We gathered two data sets including information about the Apple store and Google Play applications :
- `googleplaystore.csv`
- `AppleStore.csv`

Let's explore them both :

In [1]:
from csv import reader

# Function to open the csv file
def open_data_set(filename):
    file = open(filename, encoding='utf8')
    r = reader(file)
    return list(r)

# To quickly explore a data set (input as a list of list)
def explore_data_set(data_set, start, end, rows_and_column=False):
    dataset_slice=data_set[start:end]
    for row in dataset_slice:
        print(row)
        print("\n")
    if rows_and_column:
        print("# Columns :", len(data_set[0]))
        print("# Rows :", len(data_set))  
        print("header :", data_set[0])

### Apple store data

In [2]:
# Apple store data
apple_apps_data=open_data_set('AppleStore.csv')

explore_data_set(apple_apps_data, 1, 3, True)

['284882215', 'Facebook', '389879808', 'USD', '0.0', '2974676', '212', '3.5', '3.5', '95.0', '4+', 'Social Networking', '37', '1', '29', '1']

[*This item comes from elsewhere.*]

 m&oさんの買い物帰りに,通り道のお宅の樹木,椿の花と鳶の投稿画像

['389801252', 'Instagram', '113954816', 'USD', '0.0', '2161558', '1289', '4.5', '4.0', '10.23', '12+', 'Photo & Video', '37', '0', '29', '1']


# Columns : 16
# Rows : 7198
header : ['id', 'track_name', 'size_bytes', 'currency', 'price', 'rating_count_tot', 'rating_count_ver', 'user_rating', 'user_rating_ver', 'ver', 'cont_rating', 'prime_genre', 'sup_devices.num', 'ipadSc_urls.num', 'lang.num', 'vpp_lic']


### Google play data

In [4]:
# Google play data
gplay_apps_data=open_data_set('googleplaystore.csv')

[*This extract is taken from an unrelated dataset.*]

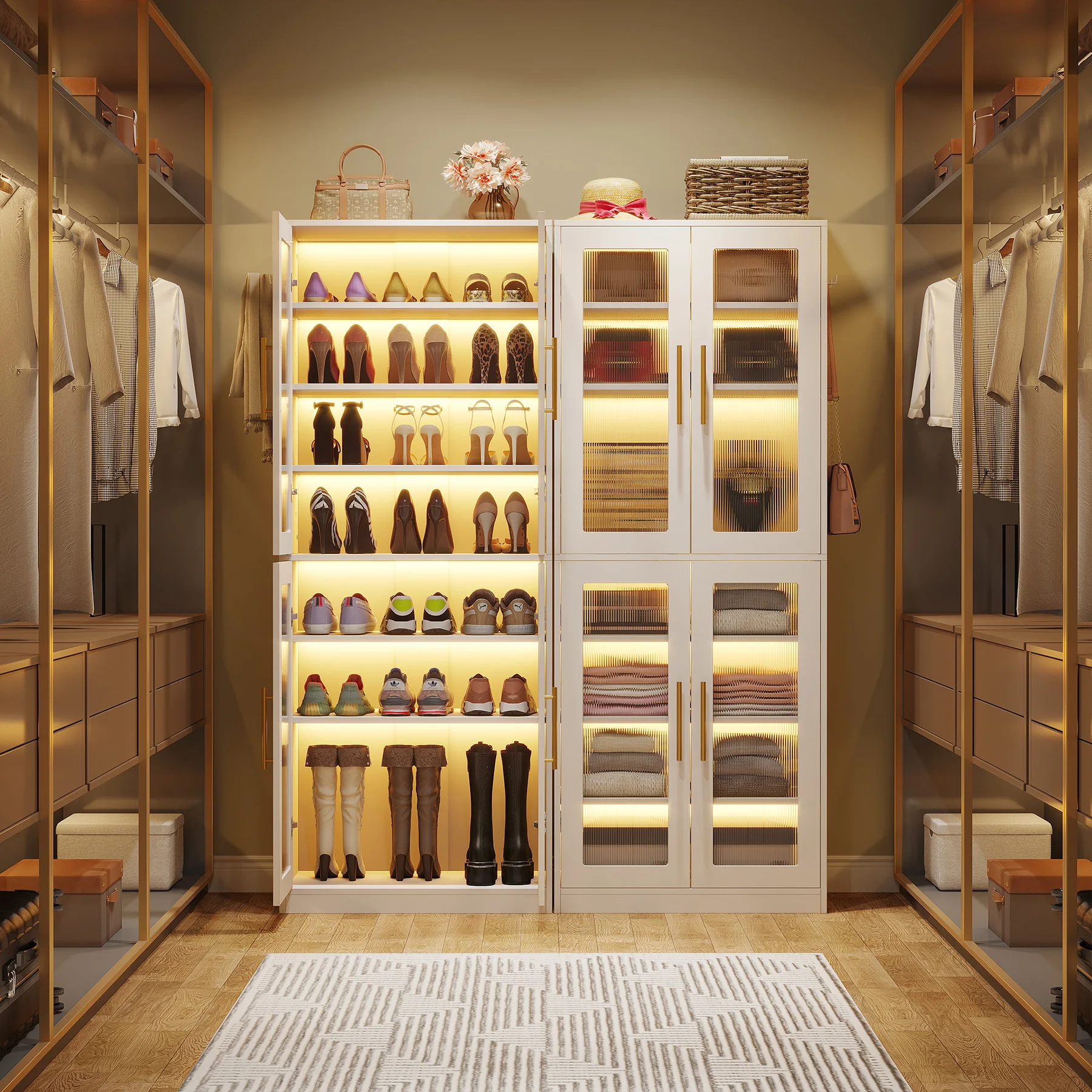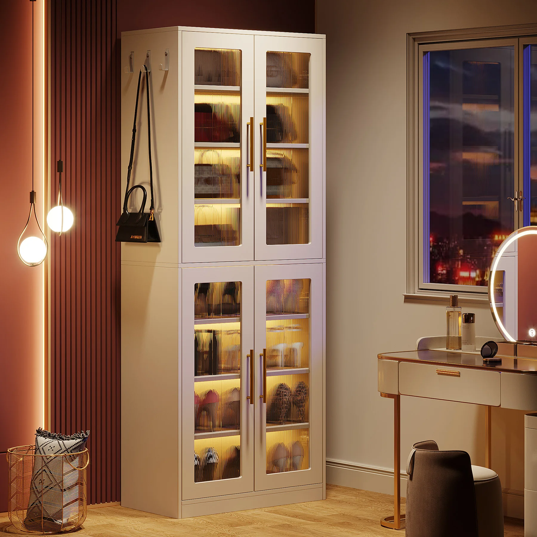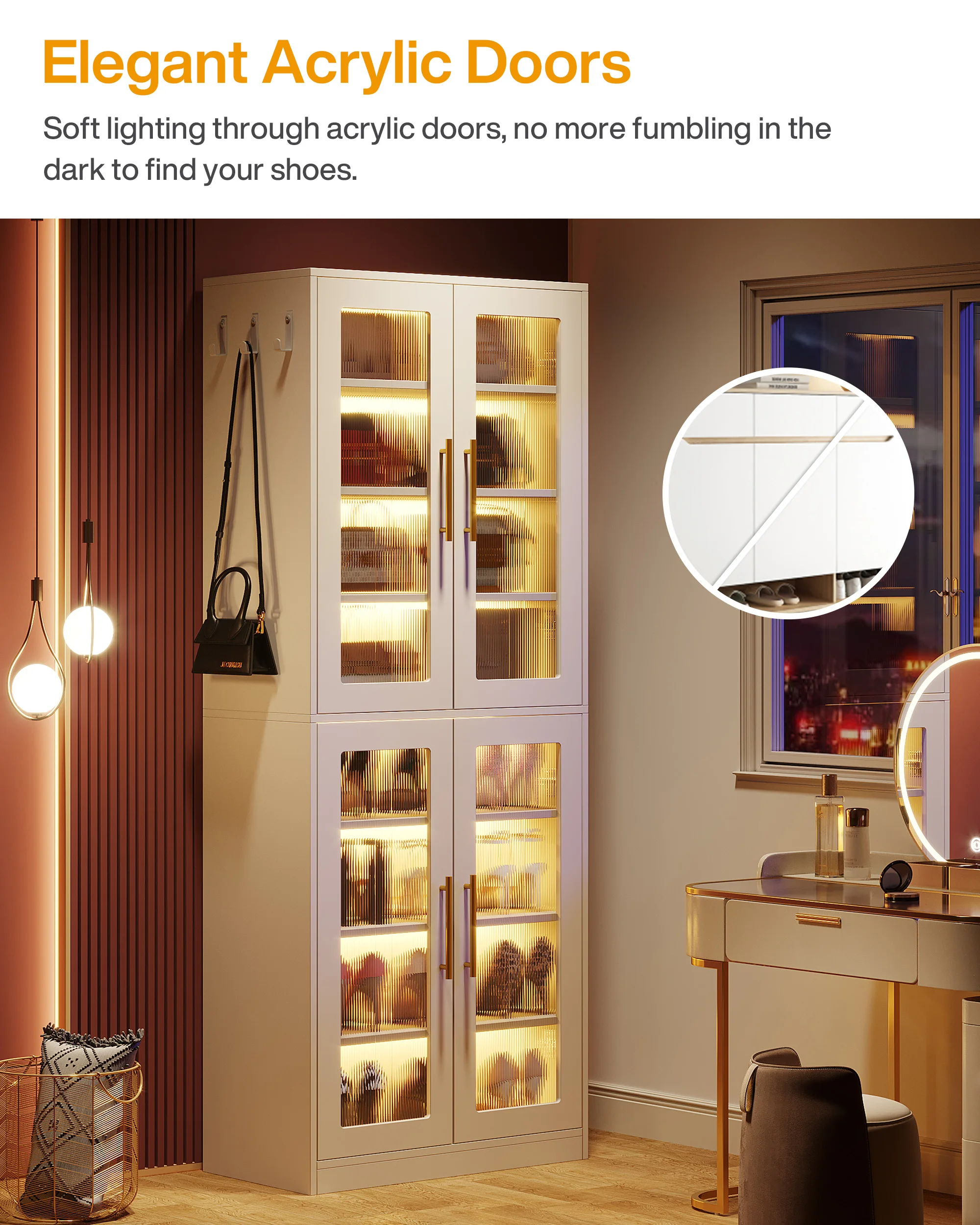 Tribesigns Tall Shoe Cabinet with Acrylic Doors and LED Lights, 8-Tier Entryway Shoe Storage Rack with Adjustable Shelves

explore_data_set(gplay_apps_data, 1, 3, True)

['Photo Editor & Candy Camera & Grid & ScrapBook', 'ART_AND_DESIGN', '4.1', '159', '19M', '10,000+', 'Free', '0', 'Everyone', 'Art & Design', 'January 7, 2018', '1.0.0', '4.0.3 and up']


['Coloring book moana', 'ART_AND_DESIGN', '3.9', '967', '14M', '500,000+', 'Free', '0', 'Everyone', 'Art & Design;Pretend Play', 'January 15, 2018', '2.0.0', '4.0.3 and up']


# Columns : 13
# Rows : 10842
header : ['App', 'Category', 'Rating', 'Reviews', 'Size', 'Installs', 'Type', 'Price', 'Content Rating', 'Genres', 'Last Updated', 'Current Ver', 'Android Ver']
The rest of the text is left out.